As Advent begins, can we help one another to discover the difference between ‘the life we live and the life we choose’? Advent reminds us to be alert and open to the unmistakable signs of God presence in the people we meet. God’s work began in Jesus’ ministry, and it continues in our midst and with us. We are faithful disciples not when we focus on the future and obsess about the end of the world but when we commit our lives, here and now, to the great work of God, repairing this world, shaping a new creation of beauty, grace, justice, and joy, leaning into the reign of God. Let us also wake up and reconnect to the beauty of life, the mystery of love and wonder of creation. It may enable us to reconnect to the original goodness and beauty that resides in each of us. We need to be reminded and connected to each other in a deeper way. We need to awaken to hope. We need to be alert to the presence of God in unexpected places and surprising ways. We are reminded that simple presence can say more than our word and does more than our actions. May have open eyes. May we ask the God of hope to awaken us to the comings of sacred into our lives and our suffering world. The Indian poet Tagore can focus our Advent prayer and reflection in his poem ‘Silent Steps’: ‘Have you not heard his silent steps? He comes, comes, ever comes. In every moment and every age, every day and every night.’


Silent Steps

Rabindranath Tagore

Have you not heard his silent steps?

He comes, comes, ever comes.


Every moment and every hour,

every day and every night he comes, comes, ever comes.

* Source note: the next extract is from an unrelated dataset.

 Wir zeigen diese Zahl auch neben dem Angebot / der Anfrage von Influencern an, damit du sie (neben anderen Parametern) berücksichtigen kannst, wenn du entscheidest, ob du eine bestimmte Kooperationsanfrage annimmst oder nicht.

Many a song have I sung in many a mood of mind,

but all their notes have always proclaimed,

`He comes, comes, ever comes.'


In the fragrant days of sunny April through the forest path he comes,

comes, ever comes.


In the rainy gloom of July nights on the thundering chariot of clouds
he comes, comes, ever comes.


In sorrow after sorrow it is his steps that press upon my heart,

and it is the golden touch of his feet that makes my joy to shine.


An Advent Credo

It is not true that creation and the human family are doomed to destruction and loss

This is true: For God so loved the world that He gave his only begotten Son, that whoever believes in Him shall not perish but have everlasting life;

It is not true that we must accept inhumanity and discrimination, hunger and poverty, death and destruction

This is true: I have come that they may have life, and that abundantly.

It is not true that violence and hatred should have the last word, and that war and destruction rule forever

This is true: Unto us a child is born, unto us a Son is given, and the government shall be upon his shoulder, his name shall be called wonderful councilor, mighty God, the Everlasting, the Prince of peace.

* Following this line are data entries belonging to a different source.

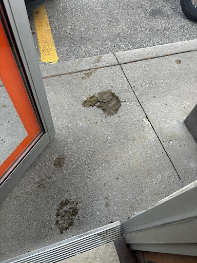 -10:50am watched back of house/kitchen employee arriving to work also stepping in poop, go to patron washroom (assuming to clean shoes?), then to kitchen to cook/work? no attention given to mess at entrance/store areas (pictures below)
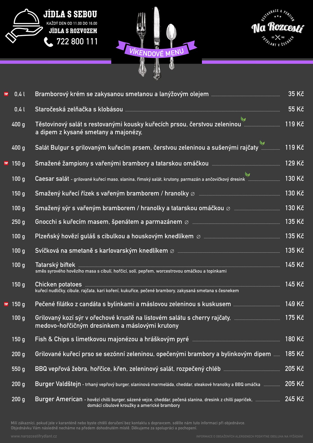 👨🍳 VÍKENDOVÉ MENU – sobota, neděle. 🌤🌤 Objednávky na 📞 722 800 111 nebo osobně. Sobota – výdej
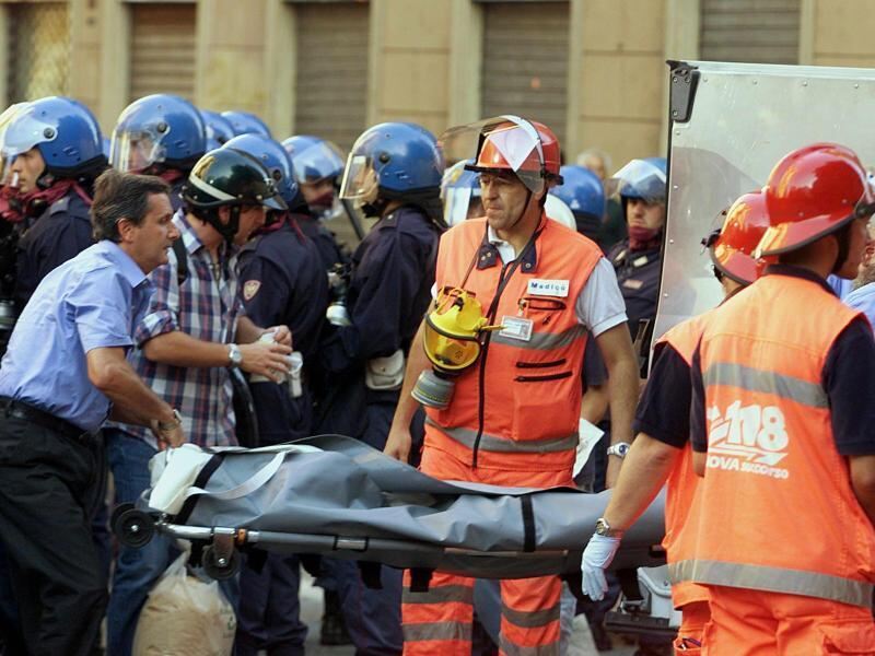 Tiefpunkt der Gipfel-Geschichte: Beim G8-Treffen in Genua 2001 wurde ein junger Demonstrant erschossen. Foto: Filippo Monteforte

It is not true that we are simply victims of the powers of evil who seek to rule the world.

This is true: To me is given authority in heaven and on earth, and lo I am with you, even until the end of the world.

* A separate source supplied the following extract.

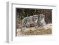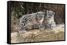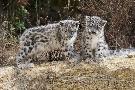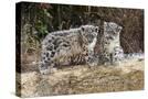 Two, three month Snow leopard cubs siting, France. Captive Photo Print
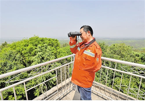 韩明道在望火楼上瞭望林场。长期的护林工作,让韩明道练就了一双“火眼金睛”。晴好天气时,他用望远镜能看到15公里以外的火情,极好天气时可以看到30公里。(中经视觉)

It is not true that we have to wait for those who are specially gifted, who are the prophets of the Church before we can be peacemakers

This is true: I will pour out my spirit on all flesh and your sons and daughters shall prophesy, your young men shall see visions and your old men shall have dreams.

It is not true that our hopes for liberation of humankind, of justice, of human dignity of peace are not meant for this earth and for this history -

This is true: The hour comes, and it is now, that the true worshipers shall worship God in spirit and in truth.

Fr Daniel Berrigan, sj, Jesuit, peace activist, poet (1921-2016)

From Testimony: The Word Made Flesh, by Daniel Berrigan, S.J. Orbis Books, 2004.